2. Next, brush your horse in the same sequence.
- Brush with the grain of the hair.
- Do lower legs, too.
3. Pick out the hooves.
4. Untangle the mane and tail by brushing or combing from the ends, working your way to the base. Use your fingers to undo stubborn tangles.
5. Bathe your horse in an area with a tree, post or other object to tie him to. Be sure you aren’t in an area that will turn to mud! Grass, gravel, a driveway or rubber mat is good.
6. Use a hose with a spray nozzle and warm water and never spray your horse in the face.
7. A horse who has never been bathed will probably be afraid. Be prepared for a quick release. Whenever your horse shows signs of fear, return to an area of the body with the water that he previously accepted. Start moving toward the area he didn’t like very slowly. Praise him and talk sweet the whole time. Repeat this as necessary.
- Spray front legs first.
- Next, the chest, shoulders, neck. Use a gentle spray – turn the water pressure down some if needed.
- Do barrel, back and butt.
- Soak your horse completely.
Always keep the spray directed toward the rear of your horse
8. Time to shampoo. Always follow label directions. Apply shampoo to be used full strength to a wet sponge, then to the horse. If directions call for diluting the shampoo, use a bucket of warm water.
- Scrub the horse from it’s neck to it’s hooves.
- Re-wet the sponge and apply more shampoo as needed.
- Work shampoo through the mane and tail with your hands.
- Use a whitening shampoo on white areas – don’t leave it on too long or it can stain the hair.
9. Rinse Completely. This is very important as shampoo left on your horse can cause drying of the skin and hair and irritation. Rinse in the same order as you wetted it and shampooed – from the neck back. For stallions and geldings, gently clean the sheath. If there is a lot of debris, do the following:
- Wear rubber gloves as the smegma is odorous and will not clean from your skin easily.
- Use an old, soft rag.
- Apply a generous amount of mineral oil to the rag.
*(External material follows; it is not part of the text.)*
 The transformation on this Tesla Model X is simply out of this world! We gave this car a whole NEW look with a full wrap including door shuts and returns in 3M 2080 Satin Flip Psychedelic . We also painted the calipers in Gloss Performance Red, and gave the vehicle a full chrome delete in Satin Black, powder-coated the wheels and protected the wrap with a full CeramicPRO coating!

- Gently clean the sheath inside and out. There are many pockets inside so gently use your fingers to reach these areas. If your horse is touchy, only do as much as he will allow. Be sure to stand in a position to avoid being kicked. He will likely strike forward with a hid leg, so don’t put your face down there!
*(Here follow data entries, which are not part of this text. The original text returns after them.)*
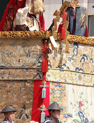 台を取り巻く襴縁は、2.7メートル×2.16メートルと山鉾の中でも随一の長さです。胴懸、前懸の下に見える轅(ながえ)も6メートルと、舁山の中で最も長いです。
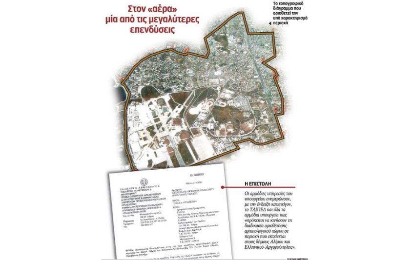 Όπως γράφει η «Καθημερινή», παρά τις δεσμεύσεις της κυβέρνησης ότι θα τηρήσει τη μνημονιακή υποχρέωση που έχει καταληκτική ημερομηνία τη 16η Νοεμβρίου, σύμφωνα με επιστολή της Γενικής Διεύθυνσης Αρχαιοτήτων και Πολιτιστικής Κληρονομιάς του υπουργείου, με την ένδειξη εξαιρετικά επείγουσα η οποία απευθύνεται προς όλα τα αρμόδια υπουργεία και κοινοποιείται μεταξύ άλλων και στο ΤΑΙΠΕΔ, τη Γενική Γραμματεία Δημόσιας Περιουσίας και την υπό παραχώρηση Ελληνικό Α.Ε., οι αρμόδιες υπηρεσίες του υπουργείου ενημερώνουν πως «πρόκειται να κινήσουν τη διαδικασία οριοθέτησης αρχαιολογικού χώρου σε περιοχή που εκτείνεται στους Δήμους Αλίμου και Ελληνικού – Αργυρούπολης».
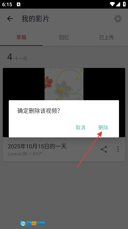 4、在确认框中,点击【删除】按钮,可删除该视频。
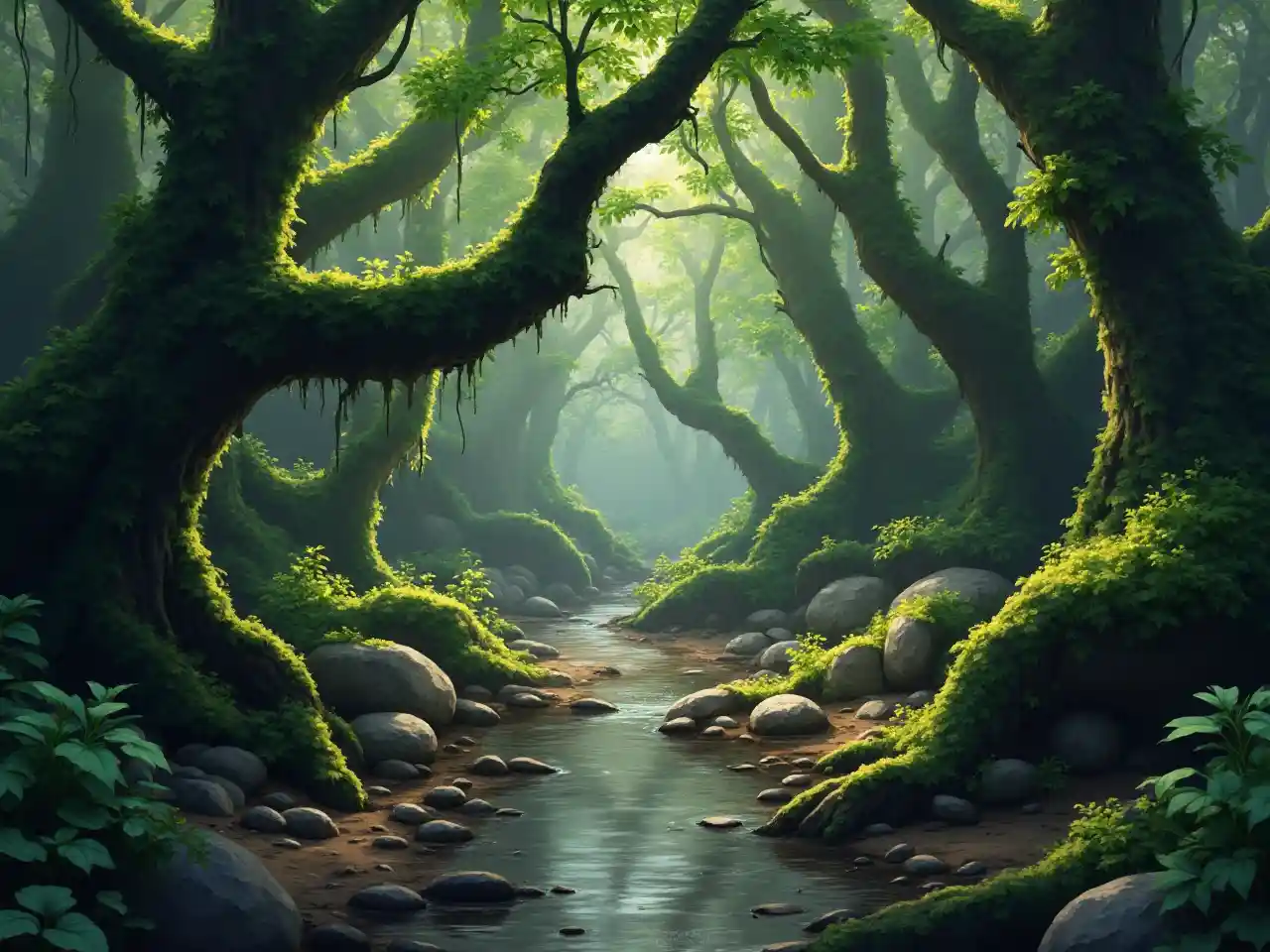 প্রাচীন বন Mossy → জুম আউট, একটি ছোট খাল এবং আরো পাথর যোগ

- Wash gently with warm, soapy water.
- Rinse completely with clear, warm water. (There are special products for this purpose…)
10.Wash the face with clear water and a sponge. If very dirty use baby shampoo – "No Tears – No Rears!". Avoid the eyes. Rinse the sponge and wipe the face until there is no longer any shampoo.
11.Apply conditioner to the mane and tail following manufacturers instructions.
12.Use a sweat scraper to remove excess water from your horse’s neck, body and hindquarters. Follow up with dry towels. Get as much moisture as possible.
13.Keep you horse out of drafts until completely dry!
- In windy weather cover your horse with a blanket or cooler – be sure it is clean!
14.If you are using a shine product, apply when the horse is dry.
- Apply to face with your hands or a soft cloth. Don’t spray it’s face. Avoid the eyes.
- Be careful about applying these products to the saddle area as they can cause the saddle to slip. If you are only riding in the show avoid these areas.
- Apply a hoof conditioner or polish.
15. Don’t let your horse loose, or it will roll and you will have to start over
16.Braid the tail and put it in a tail bag. Use a mane tamer to keep the mane in place or braid it if appropriate.
Be thoughtful toward your horse when bathing. Think how you would feel in the same circumstances. Your actions now will affect your horse’s reactions to this important grooming routine. Horses don’t forget bad experiences.
If your horse refuses to be sprayed, try removing the nozzle and just using the hose end. If that doesn’t work, try a bucket of clear water and one of soapy water. Use a plastic cup to pour the water over your horse. This is time consuming, but it works. Be sure to rinse thoroughly. Have fun!